# [REQUIREMENT]
Return each line exactly, beginning with the one that has "Indigenous Peoples of" and finishing with the final line of the material. Drop any pictures.

# [PROVIDED DATA]
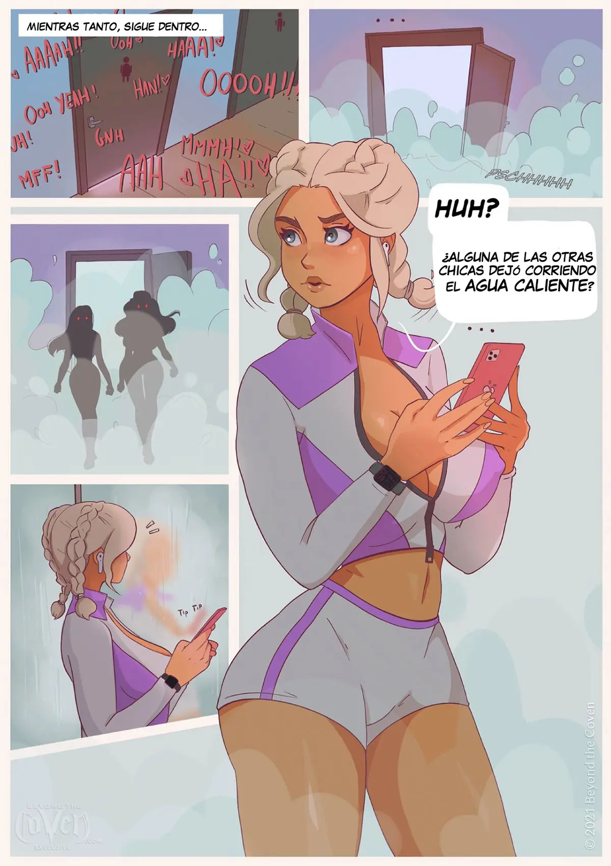 Cuando nuestra protagonista ha terminado con su sesión y va a usar los baños, se da cuenta de que la puerta está bloqueada. Su amiga Lia nunca lo había hecho antes, hasta que comienza a escuchar los gemidos que vienen de ahí dentro. Por eso ella decide no arruinarle la diversión y duchar en casa esta noche.
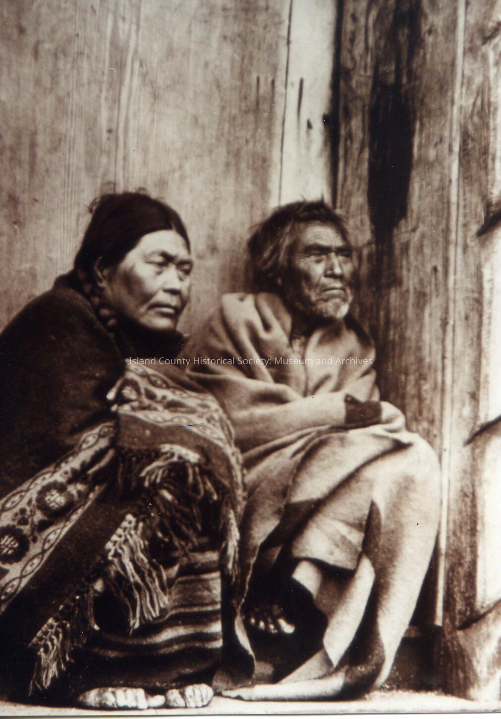 Indigenous Peoples of the Northwest Coast Two men sitting on the ground wrapped in blankets.
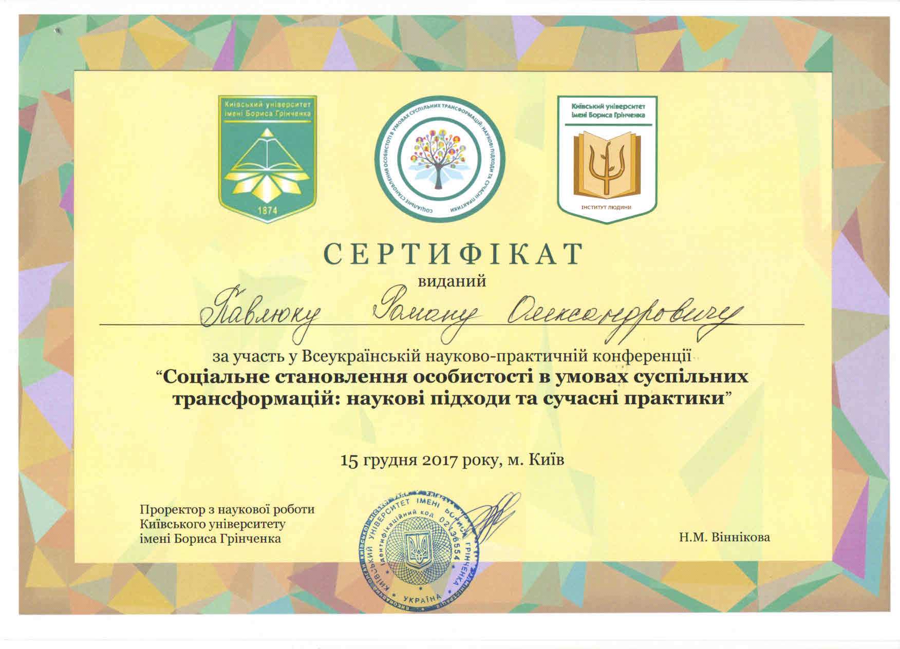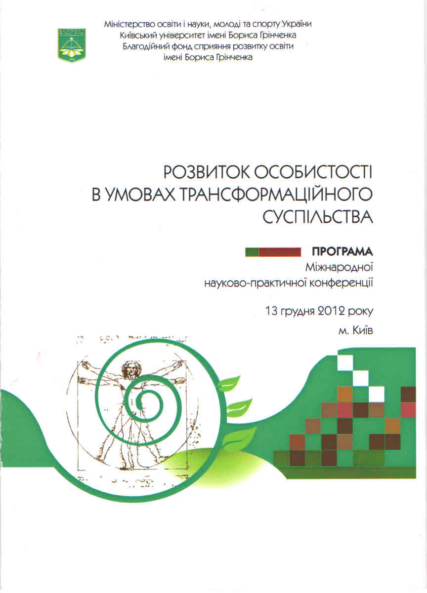| 1140 | Соціальне становлення особистості в умовах суспільних трансформацій | Всеукраїнська науково-практична конференція | Київський університет імені Бориса Грінченка | 15.12.2017 00:00 | 5 |

# [RESULT OF THE EXERCISE]
 Indigenous Peoples of the Northwest Coast Two men sitting on the ground wrapped in blankets.
| 1140 | Соціальне становлення особистості в умовах суспільних трансформацій | Всеукраїнська науково-практична конференція | Київський університет імені Бориса Грінченка | 15.12.2017 00:00 | 5 |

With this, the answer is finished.